Empero, convengamos en que solamente una cultura de responsabilidad
puede abrirnos los ojos frente al problema. “La respuesta debe
orientarse en la afirmación de los ámbitos de la acción humana que
queden excluidos del sometimiento al cálculo, ya sea de la rentabilidad,
ya sea del crecimiento económico per se, y que cuestionen la propia
tendencia actual hacia la totalización de estos cálculos (…) Es la
responsabilidad por las condiciones de posibilidad de la vida humana”.
Y -proclaman Hinkelammert y Mora- a partir de la responsabilidad
aparece la necesidad de los valores. “Valores a los cuales tiene que ser
sometido cualquier cálculo de utilidad (o de interés propio o de
costo-beneficio). Son los valores del bien común cuya validez se
constituye antes de cualquier cálculo, y que desembocan en un conflicto
con el cálculo de rentabilidad y sus resultados. Son los valores del
respeto al ser humano, a su vida en todas sus dimensiones, y del respeto
a la vida de la naturaleza…”
Son estos “los valores del
reconocimiento mutuo entre seres humanos, incluyendo en este
reconocimiento el ser natural de todo ser humano y el reconocimiento de
parte de los seres humanos de la naturaleza externa a ellos. No se
justifican las ventajas calculables en términos de la utilidad o del
interés propio. Con todo, son la base de la vida humana, sin la cual
esta se destruye en el sentido más elemental de la palabra”.

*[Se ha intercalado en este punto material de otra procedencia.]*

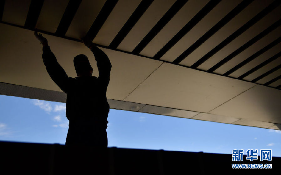 6月28日,在新建的青海省海西蒙古族藏族自治州格爾木火車站,工人在檢查站臺天花板。新華社記者 張龍 攝

He aquí el meollo. Estos valores interpelan al sistema, y en su nombre
se requiere la resistencia, para transformarlo e intervenirlo. De lo
contrario, supondrían “un moralismo más”. Y confesemos que justamente
moralismo nos parece cualquier constatación de las probabilidades de
Apocalipsis “laico” sin apelar a un enfoque entresacado de una economía
política crítica.
En descargo de los científicos
estadounidenses y australianos, aseveremos que para estos –así lo
asentaron- deviene posible modificar las tasas de desarrollo y alcanzar
una condición de estabilidad ecológica, sostenible, incluso a largo
plazo. “El estado de equilibrio global debería ser diseñado de manera
que las necesidades de cada persona sobre la Tierra sean satisfechas, y
que cada uno tenga iguales posibilidades de realizar su propio potencial
humano”...
Pero ¿estaremos desvariando si afirmamos que
esto aparenta un llamado a ir más allá del capitalismo; si no a la
propia existencia del mercado (razonarían Hinkelammert y Mora), sí a
resistir su absolutización, y a someter su acción a las exigencias de la
misma supervivencia del ser humano, “lo que incluye la suspensión de la
propiedad privada y el mercado siempre que ello sea necesario?”.
Ah, ¿no quisieron concluir tal cosa los realizadores de los célebres
documentos? Pura moralina, mondas abstracciones, en ese caso.